HC5409-17 (MSV81-17): The application for a declaratory order brought by Tambanashe dismissed with costs on a Legal Practitioner-Client scale. HC5410-17 (MSV121-17): Execution of court order HC5407-17 (MSV102-17) stayed with costs on a Legal Practitioner-Client scale. HC5408-17 (MSV117-17): (1) The consent order filed under MSV102-17 set aside with costs on a Legal Practitioner-Client scale; (2) The consent order declared to have no validity from the date of judgment by effluxion of time in accordance with its own stipulated period of validity.

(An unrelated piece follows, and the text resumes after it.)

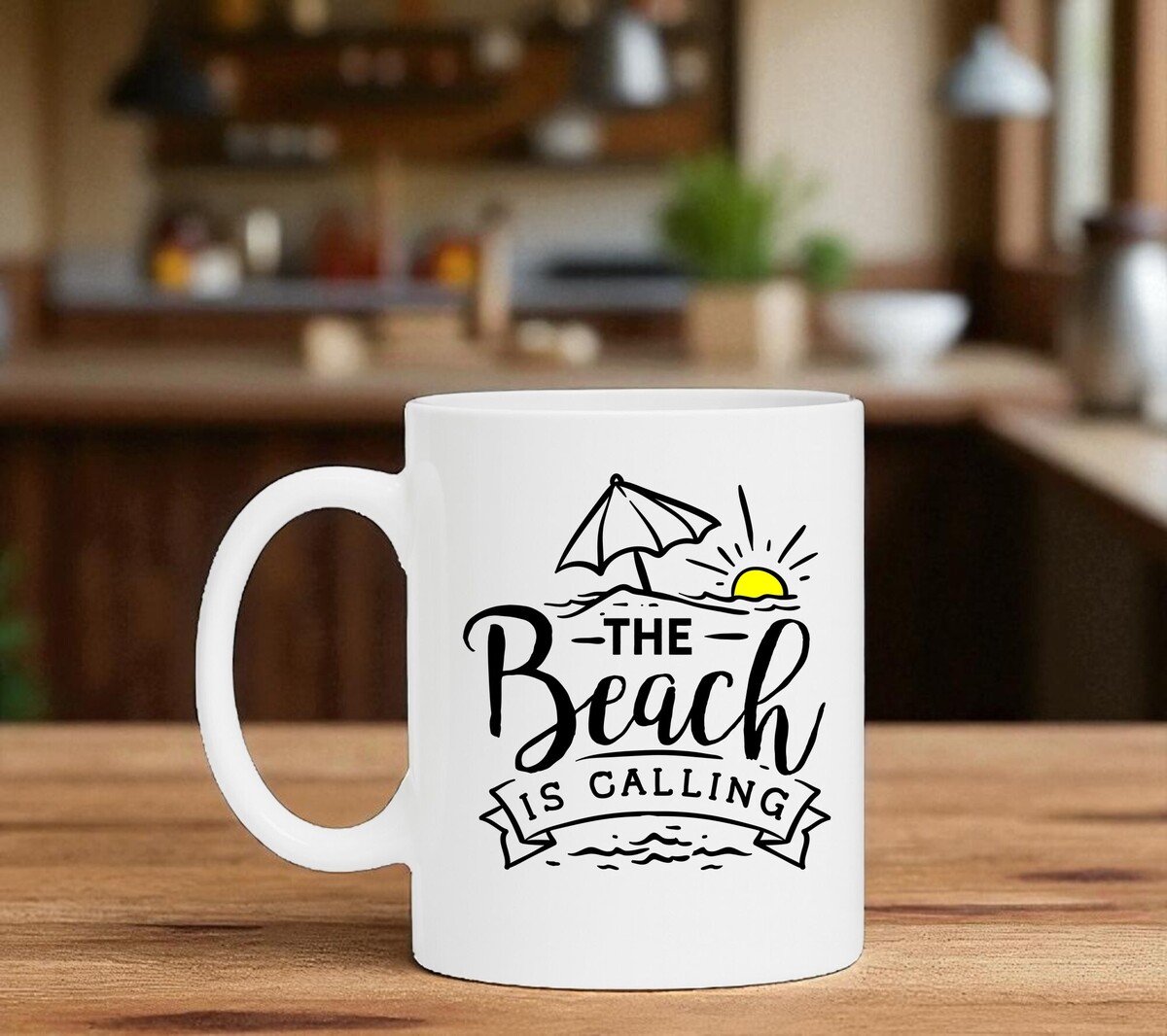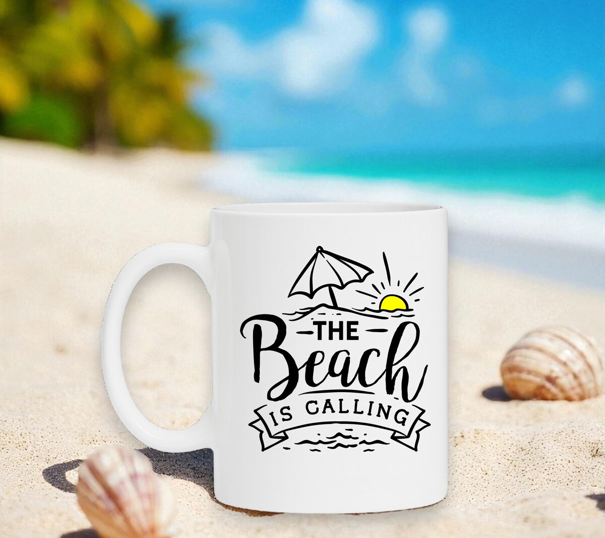 Witte koffie of thee mok met de opdruk 'Beach is calling'. De mok is vaatwasserbestendig, microgolfbestendig en heeft een hoogte van 96mm en een diameter van 80mm.

A court of coordinate jurisdiction cannot grant a declaratory order that would have the effect of nullifying or setting aside a declaratory order previously issued by another judge of parallel jurisdiction while that order remains extant and has not been set aside on appeal or review. To do so would be an incompetent exercise of parallel jurisdiction. The proper remedy for a party aggrieved by a declaratory order to which it was not a party is to seek to set aside that order through appropriate procedures (rescission, appeal, or review), not to seek a competing declaratory order from the same court. A "consent order" that was not actually consented to by the parties is afflicted by a procedural irregularity constituting an error that justifies rescission under Rule 449 or the common law. The doctrine of res judicata applies to prevent re-litigation of matters already finally determined by a competent court. An application for declaratory relief regarding mining rights stands or falls on the founding affidavit, which must establish the chain of title and how the applicant acquired legitimate rights.

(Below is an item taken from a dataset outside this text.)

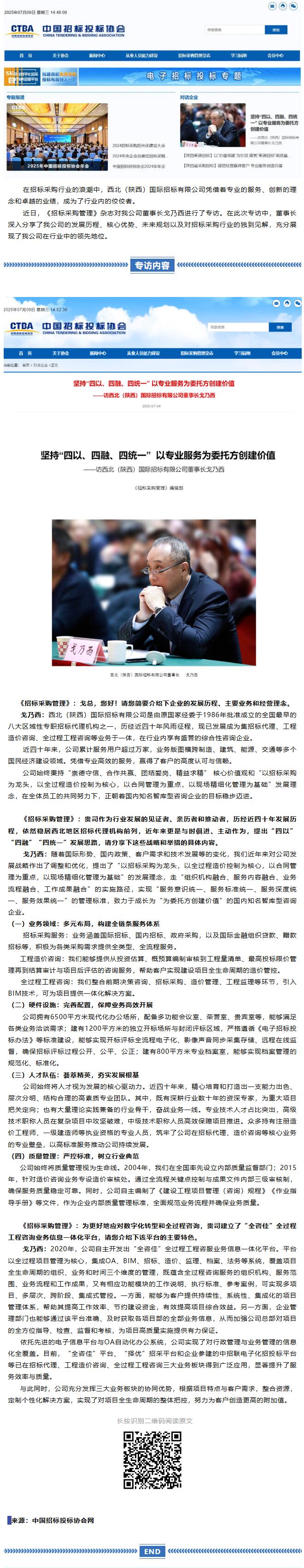 堅持“四以、四融、四統(tǒng)一” 以專業(yè)服務(wù)為委托方創(chuàng)建價值——西北國際招標(biāo)公司董事長戈乃西接受《招標(biāo)采購管理》雜志專訪

The court observed that the proliferation of litigation between the parties, with multiple applications and counter-applications filed in different registries (Harare and Masvingo), reflected undue acrimony and waste of judicial resources. Some interlocutory applications brought on an urgent basis were superfluous and unnecessary. The court commented that punitive costs orders on a legal practitioner-client scale are appropriate to discourage such conduct. The court noted that if Tambanashe had legitimate grievances about the registration of certificates in Two Flags' name, it should have objected during the 30-day notice period after publication in the government gazette as required by section 59 of the Mines and Minerals Act, or pursued remedies against the Ministry of Mines. The court observed that "the left hand cannot take away what the right hand has already awarded" - a vivid metaphor for the principle that one judge cannot undo what another judge of coordinate jurisdiction has decided. The court emphasized the importance of finality in litigation and the public interest in respecting the authority of judicial decisions even if erroneous, noting that corrections must come from courts of superior jurisdiction.

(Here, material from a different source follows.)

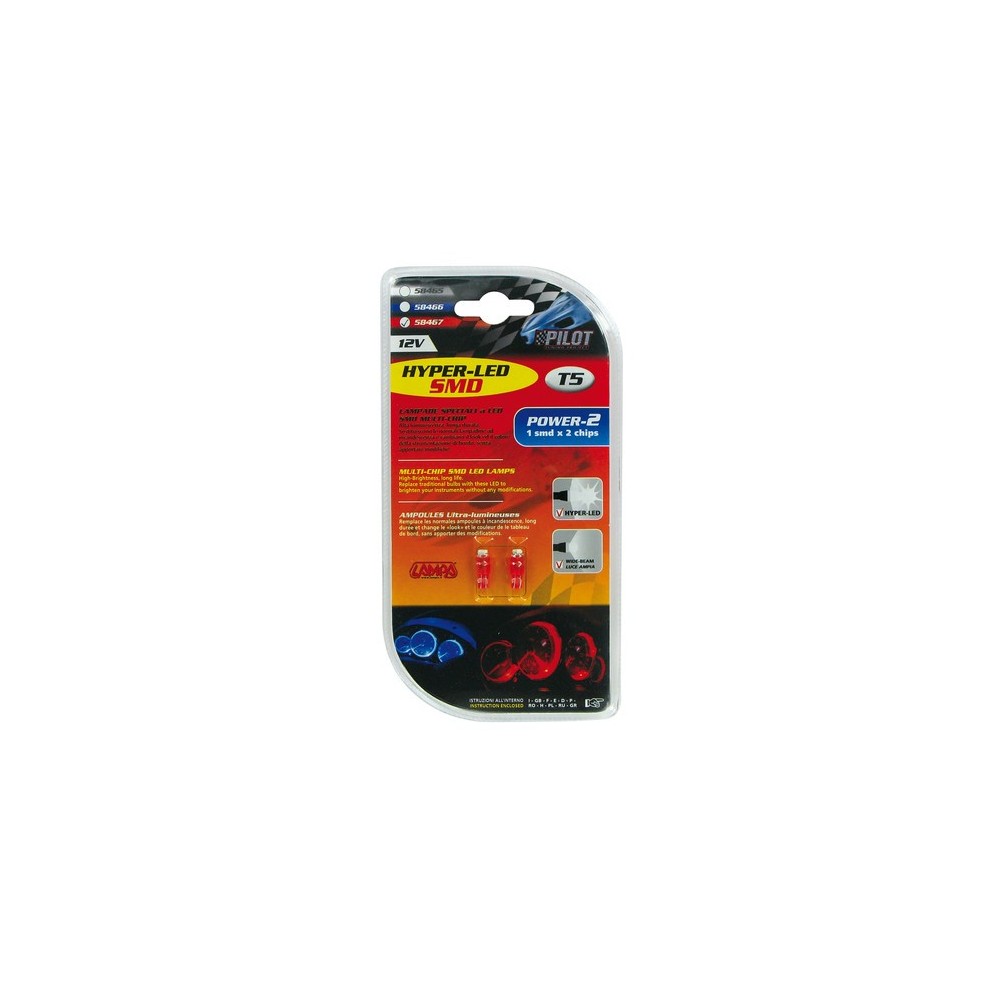 12V Hyper-Led 2 - 1 SMD x 2 chips - T5 - W2x4.6d - 2 pz in blister - Rosso

This case is significant in South African and Zimbabwean law for establishing important principles regarding: (1) The limits of parallel jurisdiction - a High Court judge cannot set aside, vary, or nullify orders made by another judge of coordinate jurisdiction; (2) The doctrine of res judicata and the principle that there must be finality in litigation; (3) The requirements for consent orders - a court cannot issue a "consent order" when parties have not actually consented to its terms; (4) The impropriety of seeking competing declaratory orders from the same court to circumvent existing judgments; (5) The application of sections 58 and 59 of the Mines and Minerals Act in mining title disputes; (6) The evidentiary burden in applications for declaratory orders regarding mining rights - applicants must establish the chain of title in founding papers. The judgment reinforces the integrity of judicial decisions and the principle that litigants dissatisfied with court orders must pursue proper appellate remedies rather than seek conflicting orders from courts of parallel jurisdiction. It also discourages the proliferation of unnecessary interlocutory applications through punitive costs orders.